** What the exercise asks **
Print the data below exactly, but only the lines from the one containing "EVOLVEO G650 zdroj" down to the one containing "ULTRAMIX tělo podomítkové", inclusive.

** The data **
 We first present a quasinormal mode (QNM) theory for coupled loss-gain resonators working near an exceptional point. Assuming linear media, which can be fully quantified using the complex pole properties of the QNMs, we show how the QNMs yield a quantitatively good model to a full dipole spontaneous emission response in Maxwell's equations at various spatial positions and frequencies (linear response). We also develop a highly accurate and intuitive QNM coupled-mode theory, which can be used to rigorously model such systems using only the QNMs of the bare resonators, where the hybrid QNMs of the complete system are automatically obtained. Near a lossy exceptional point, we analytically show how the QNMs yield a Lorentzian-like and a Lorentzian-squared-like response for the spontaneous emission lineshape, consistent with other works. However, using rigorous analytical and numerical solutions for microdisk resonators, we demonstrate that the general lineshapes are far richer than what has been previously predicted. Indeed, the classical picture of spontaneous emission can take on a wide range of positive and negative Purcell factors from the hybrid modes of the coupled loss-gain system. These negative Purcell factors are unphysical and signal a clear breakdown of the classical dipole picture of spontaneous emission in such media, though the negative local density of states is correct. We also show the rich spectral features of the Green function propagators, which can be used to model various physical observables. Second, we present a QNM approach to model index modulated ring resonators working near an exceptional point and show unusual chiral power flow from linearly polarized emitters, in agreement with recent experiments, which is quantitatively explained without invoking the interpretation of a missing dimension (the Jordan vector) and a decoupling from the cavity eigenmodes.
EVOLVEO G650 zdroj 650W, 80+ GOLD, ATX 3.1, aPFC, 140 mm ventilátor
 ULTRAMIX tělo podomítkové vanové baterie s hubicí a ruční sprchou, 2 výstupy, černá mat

--

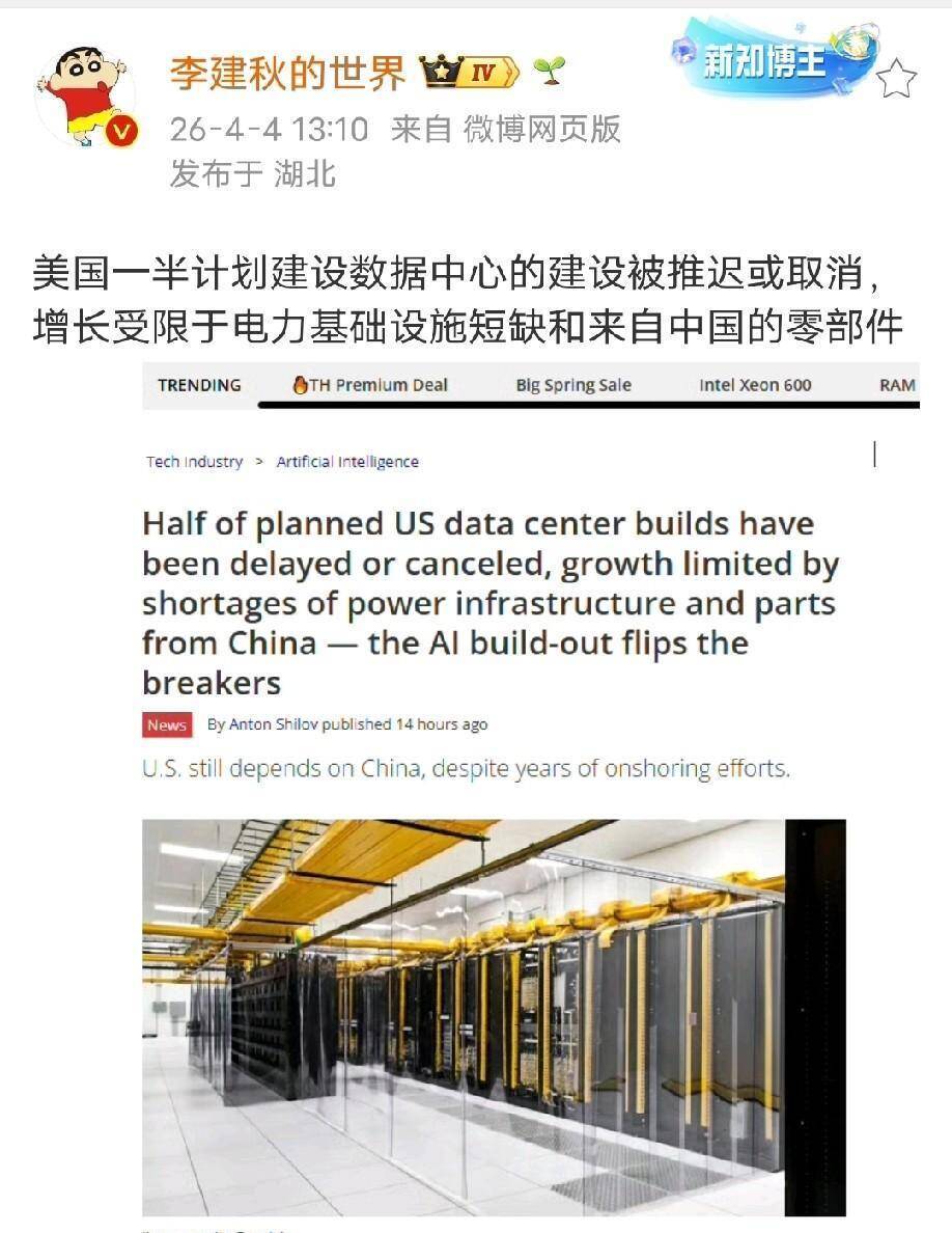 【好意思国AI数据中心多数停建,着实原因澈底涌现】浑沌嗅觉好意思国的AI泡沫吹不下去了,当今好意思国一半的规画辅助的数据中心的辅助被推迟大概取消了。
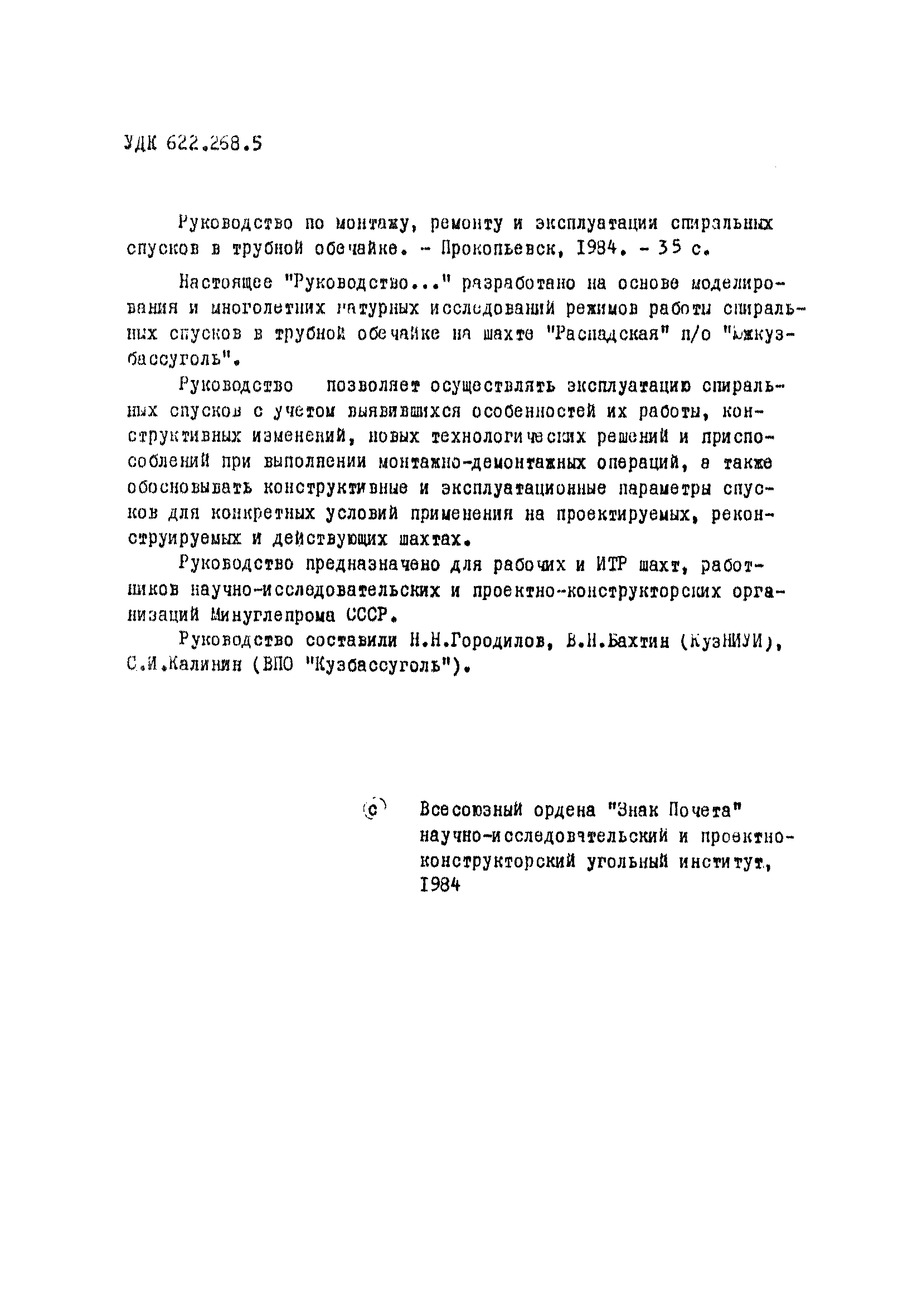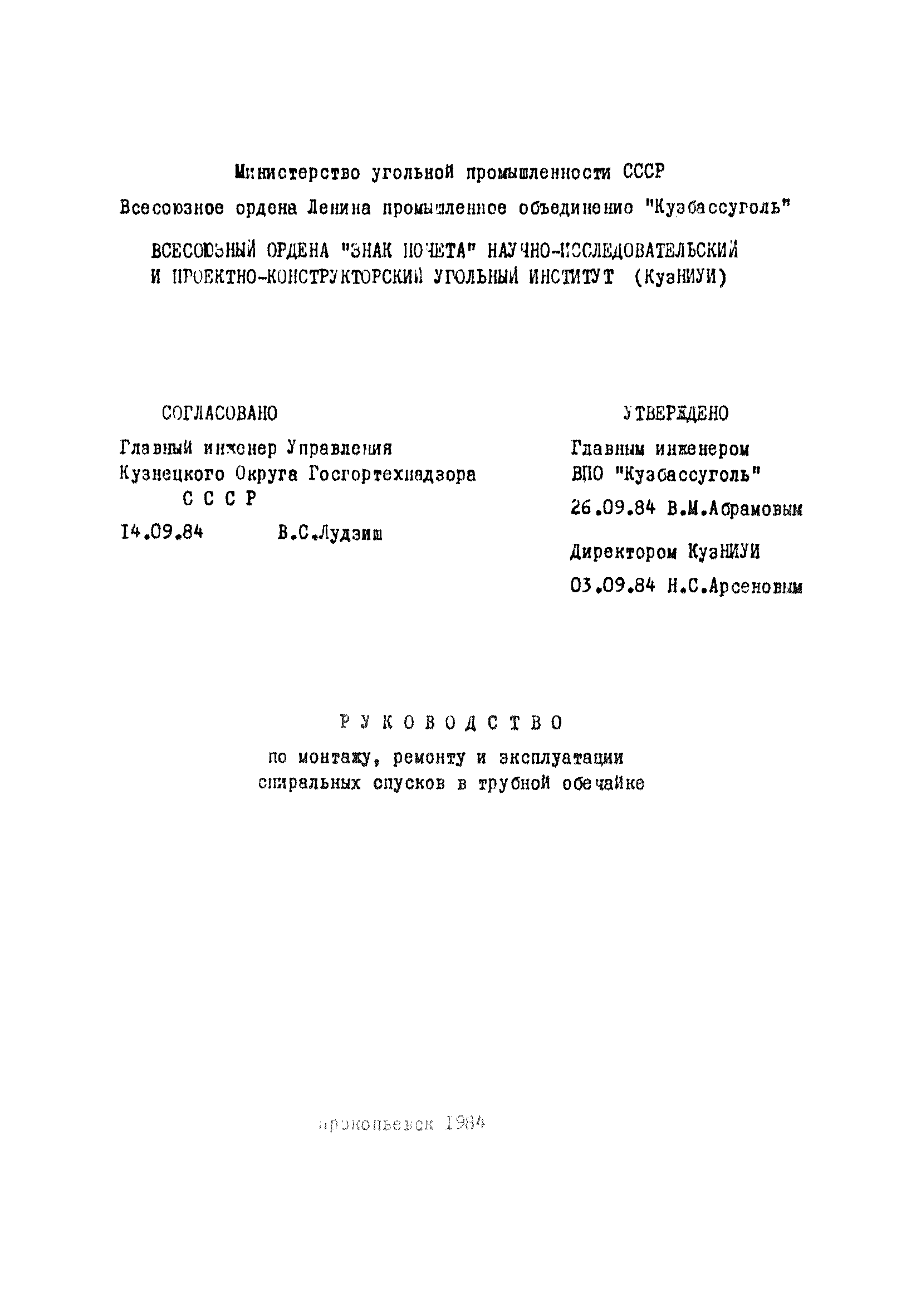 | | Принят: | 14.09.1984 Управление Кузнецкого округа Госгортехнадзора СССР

** Completed exercise **
EVOLVEO G650 zdroj 650W, 80+ GOLD, ATX 3.1, aPFC, 140 mm ventilátor
 ULTRAMIX tělo podomítkové vanové baterie s hubicí a ruční sprchou, 2 výstupy, černá mat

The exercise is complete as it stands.